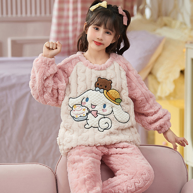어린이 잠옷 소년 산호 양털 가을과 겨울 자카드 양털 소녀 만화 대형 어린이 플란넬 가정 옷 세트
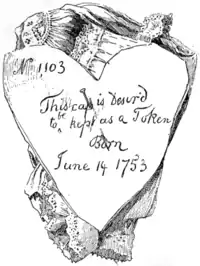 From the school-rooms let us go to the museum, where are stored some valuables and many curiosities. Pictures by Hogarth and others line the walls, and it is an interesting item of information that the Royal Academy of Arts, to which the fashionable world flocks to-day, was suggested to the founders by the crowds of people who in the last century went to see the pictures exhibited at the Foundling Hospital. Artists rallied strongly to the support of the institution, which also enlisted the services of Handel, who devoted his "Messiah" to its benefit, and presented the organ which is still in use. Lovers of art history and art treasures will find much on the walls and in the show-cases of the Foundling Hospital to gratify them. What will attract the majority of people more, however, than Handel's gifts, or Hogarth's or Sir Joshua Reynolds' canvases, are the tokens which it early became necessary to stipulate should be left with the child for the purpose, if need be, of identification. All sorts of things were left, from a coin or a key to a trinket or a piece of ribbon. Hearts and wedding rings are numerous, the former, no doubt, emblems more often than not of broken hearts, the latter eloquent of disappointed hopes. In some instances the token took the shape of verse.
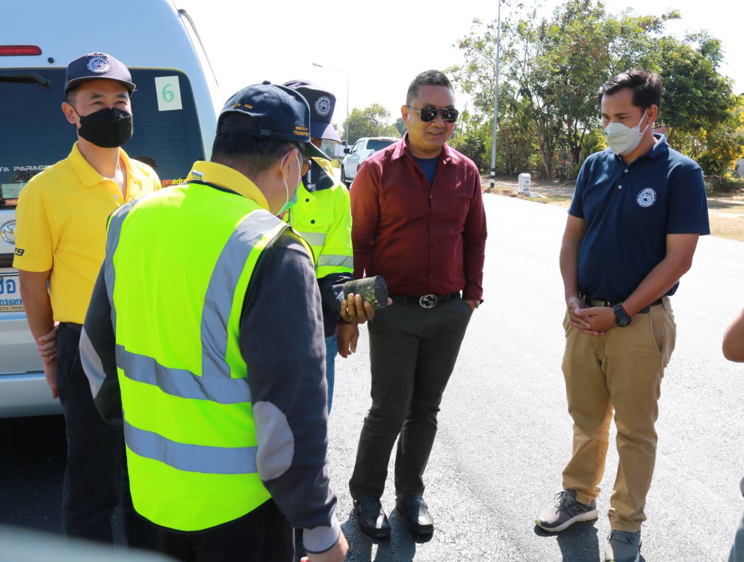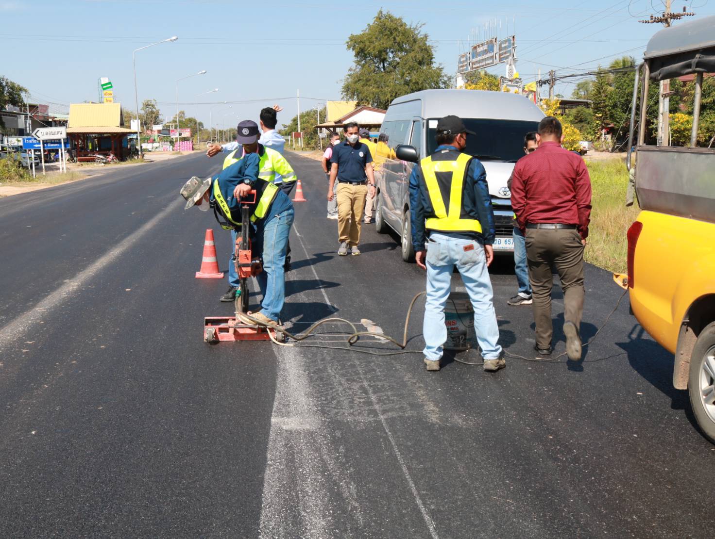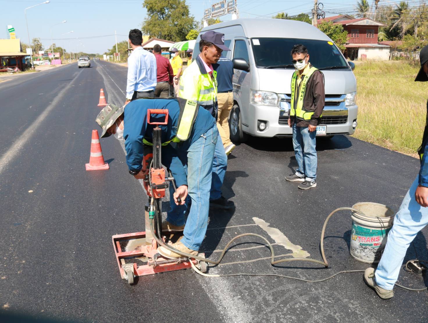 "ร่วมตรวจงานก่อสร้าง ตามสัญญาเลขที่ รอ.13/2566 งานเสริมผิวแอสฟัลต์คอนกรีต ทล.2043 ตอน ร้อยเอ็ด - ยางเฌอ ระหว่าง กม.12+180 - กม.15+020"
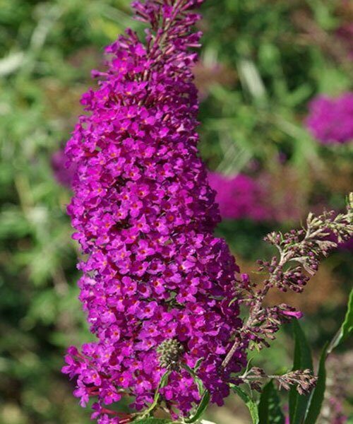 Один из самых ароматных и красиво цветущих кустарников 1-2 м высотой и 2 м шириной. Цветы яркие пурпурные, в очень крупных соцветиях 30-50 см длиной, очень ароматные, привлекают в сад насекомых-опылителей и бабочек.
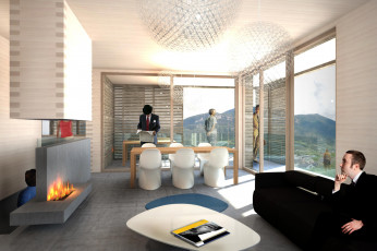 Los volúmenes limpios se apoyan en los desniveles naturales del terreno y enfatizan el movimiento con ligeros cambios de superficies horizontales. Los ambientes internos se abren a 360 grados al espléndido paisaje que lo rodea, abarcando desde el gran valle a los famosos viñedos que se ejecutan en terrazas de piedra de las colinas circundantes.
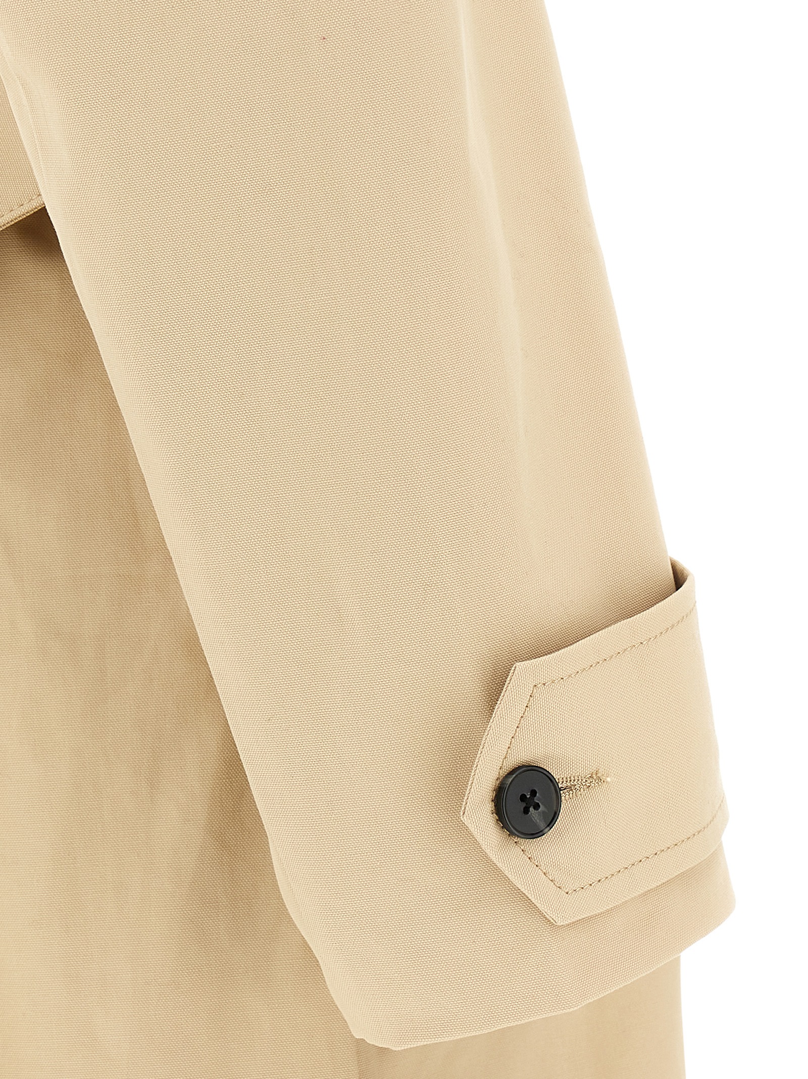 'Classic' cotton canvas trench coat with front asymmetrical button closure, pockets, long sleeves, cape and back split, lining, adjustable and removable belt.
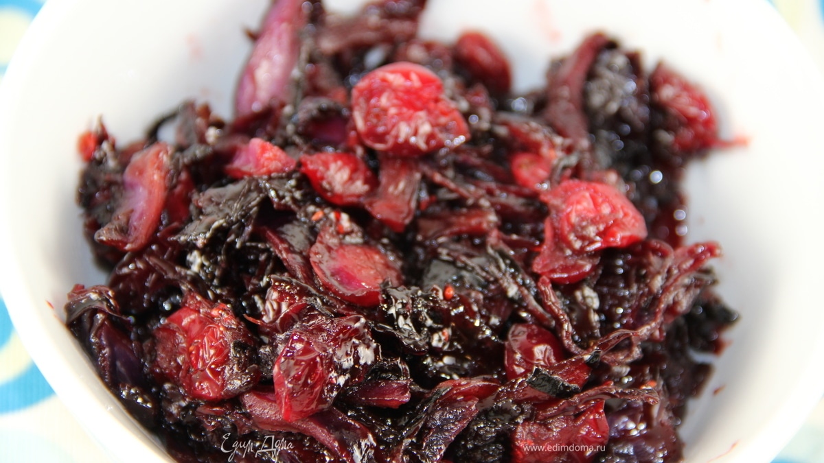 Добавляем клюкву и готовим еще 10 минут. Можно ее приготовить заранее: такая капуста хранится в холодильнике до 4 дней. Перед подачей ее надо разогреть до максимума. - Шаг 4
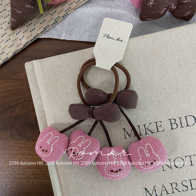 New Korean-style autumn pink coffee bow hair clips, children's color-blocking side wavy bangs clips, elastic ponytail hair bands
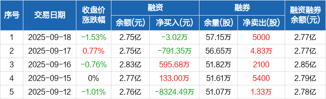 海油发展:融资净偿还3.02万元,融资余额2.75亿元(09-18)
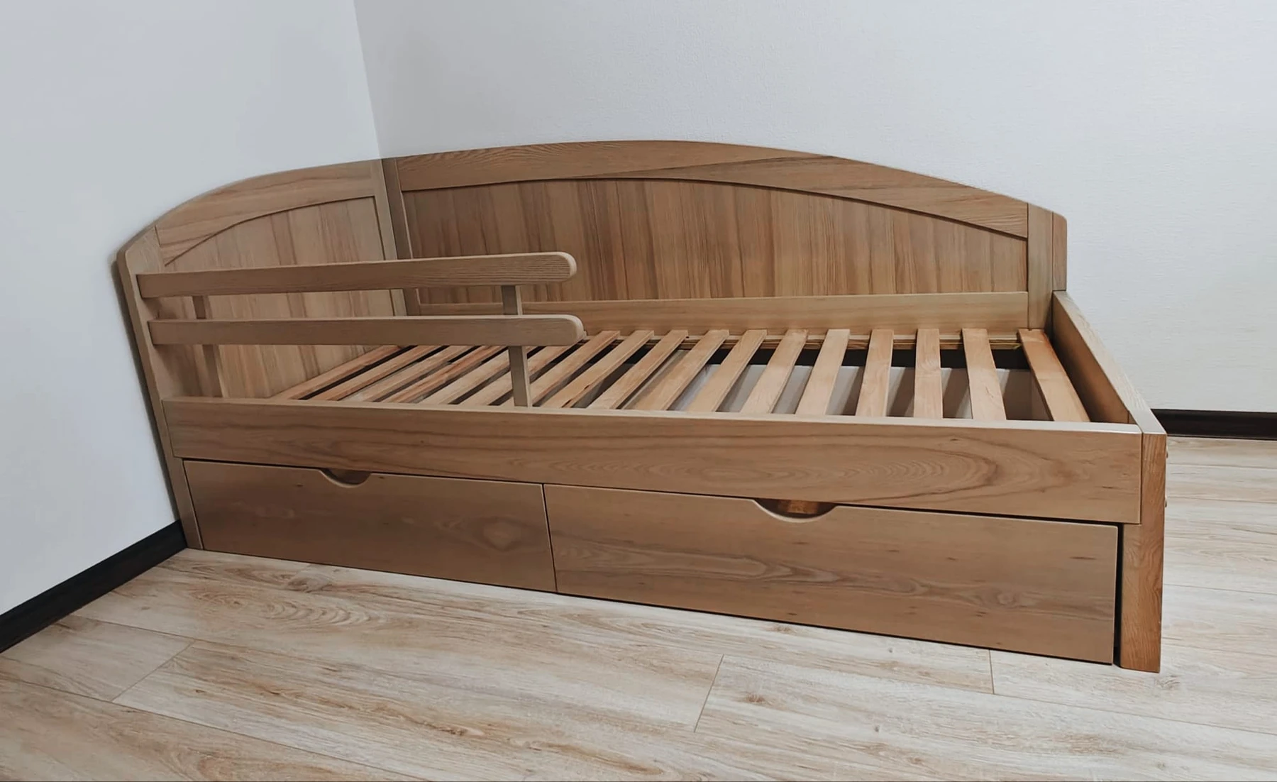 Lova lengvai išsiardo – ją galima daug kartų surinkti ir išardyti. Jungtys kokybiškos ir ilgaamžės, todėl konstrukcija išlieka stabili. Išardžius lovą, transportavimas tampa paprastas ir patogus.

= = = =

■ About this exercise ■
Among the records above, locate the line containing "Los volúmenes limpios" and the line containing "and removable belt.", then transcribe exactly the lines starting at the first and ending at the second, with no pictures.

■ Solution below ■
 Los volúmenes limpios se apoyan en los desniveles naturales del terreno y enfatizan el movimiento con ligeros cambios de superficies horizontales. Los ambientes internos se abren a 360 grados al espléndido paisaje que lo rodea, abarcando desde el gran valle a los famosos viñedos que se ejecutan en terrazas de piedra de las colinas circundantes.
 'Classic' cotton canvas trench coat with front asymmetrical button closure, pockets, long sleeves, cape and back split, lining, adjustable and removable belt.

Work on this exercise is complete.